New Zealand privacy law is the operating system for how organisations handle our information, and it affects each of us every day.
New Zealand’s privacy law is finally, finally going to get an update. In a year that’s seen a range of big stories on big privacy threats, that’s good news.
There was Cambridge Analytica, who wanted to influence elections, so they built a quiz app that grabbed data from all your Facebook friends. There were local breaches too, through Z Energy’s fuel card website and Vector’s outage app. These are privacy breaches because they put personal information at risk, information like your name or street address which can be collected, accessed or passed on to others when it shouldn’t.
Our privacy law is meant to control how our information is used, and protect us against privacy breaches. It’s the operating system for how organisations get and use our information. And though we’re living in the Internet age, it hasn’t been properly updated since Jurassic Park first hit cinemas.
That’s right. New Zealand’s Privacy Act was written in 1993. Computers ran Windows 3.1, ‘e-mail’ had yet to lose its hyphen, and it was mainly for people working in universities. My mum had a job updating work databases by driving 3.5 inch floppy disks between offices.

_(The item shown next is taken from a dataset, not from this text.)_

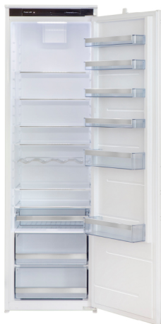
Refrigerator Refrigerator Code: 2038 000

The point being, we’ve seen a few changes since then. First, the widespread adoption of dial-up internet. Then, people buying and selling stuff online. And now, smartphones and social media becoming astonishingly ordinary parts of life.
Those changes have posed big challenges for privacy. Despite its age, our Privacy Act has actually stood up pretty well. It established flexible principles for protecting privacy and set up the Privacy Commissioner as a watchdog to hear complaints and keep an eye on things. That’s a good model for a law that adapts as technology changes. But a good operating system still needs updates. We need our parliament to take those updates seriously.
In 2018, protecting our privacy is vital for trust online. Using the internet often means sharing our information. Lots of us have lots of user accounts, including accounts we’ve forgotten about. Facebook. LinkedIn. Neopets. MySpace. The information we put online through these services is valuable, not only to inform and target ad campaigns but also for unauthorised and criminal uses.
Data breaches are a large and increasing threat to our privacy. The MySpace breach in 2014 included about 360 million emails, usernames, and passwords. By 2016, these were being sold on dark web markets as a resource for identity theft and other crimes. Ironic references aside, the rest of us have forgotten MySpace. But it lives on through the sale of breached accounts to target and inform criminal activity.
These privacy harms can have a long shelf-life. In July 2018, people around the world received blackmail emails, saying “I have hacked you, and have webcam footage of you in a compromising position”. These emails cleverly included, as proof, a real password associated with the target email address. In many cases, a password from the 2012 LinkedIn breach from six years earlier.
Our Jurassic Park-era privacy law fails to provide even basic protections against these harms. An update is long overdue. The Privacy Commissioner first reviewed the law in 1998, the year The Truman Show came out. Then in 2011, the Law Commission reported on its review. That’s the year Thor was released. It’s now been seven years (or three Marvel Movie sequels) since that review. And its recommendations still haven’t been implemented.
After that long, long wait, we finally have a Privacy Bill being considered by Select Committee. For a bill written in 2013, it’s pretty good. It takes some of the obvious steps needed for better privacy protection. For example, it will require organisations to notify users and the Privacy Commissioner about data breaches. It will let the Commissioner issue “compliance notices” to tell organisations what they have to do in response to privacy problems.
At InternetNZ, we’ve joined the 165 other people and organisations submitting on the bill. All the submissions I’ve read support the bill as a path to better privacy protections that work for the next decade. People want better privacy, and organisations want to offer better privacy. Privacy is good for business.
Within that overall support, there are a few things we and others want improved. We think that the way New Zealand does breach notifications should be closer to the model in Australia, and under the European Union’s General Data Protection Regulation (GDPR). If organisations can align notification practices across countries, they’re more likely to do this well. We think the threshold for breach notifications should be a little bit higher to get this alignment (and to avoid flooding people with too many notifications they can’t act on).
We also want our government to think deeply about the GDPR. One reason is to see if the GDPR has good ideas, which we could adapt to suit our own framework. But the main reason is to keep our stamp of privacy approval. Right now, Europe treats New Zealand privacy law as “adequate”. That means we can export to the EU without every organisation doing its own privacy compliance. That’s a very big deal for New Zealand tech companies and exports via the internet. With a deadline of 2020 to review our privacy, we have to get our thinking caps on now.
The main thing we need is for our politicians to sit up and take notice. Privacy is a human right. Our privacy law is the operating system for how organisations handle our information, and it affects each of us every day.
We’re asking the Justice Select Committee to improve and pass the Privacy Bill. We’re asking them to consider and consult on new changes arising from submissions before reporting back to Parliament. And we’re asking for MPs to think about our privacy more often than Jurassic Park gets a reboot.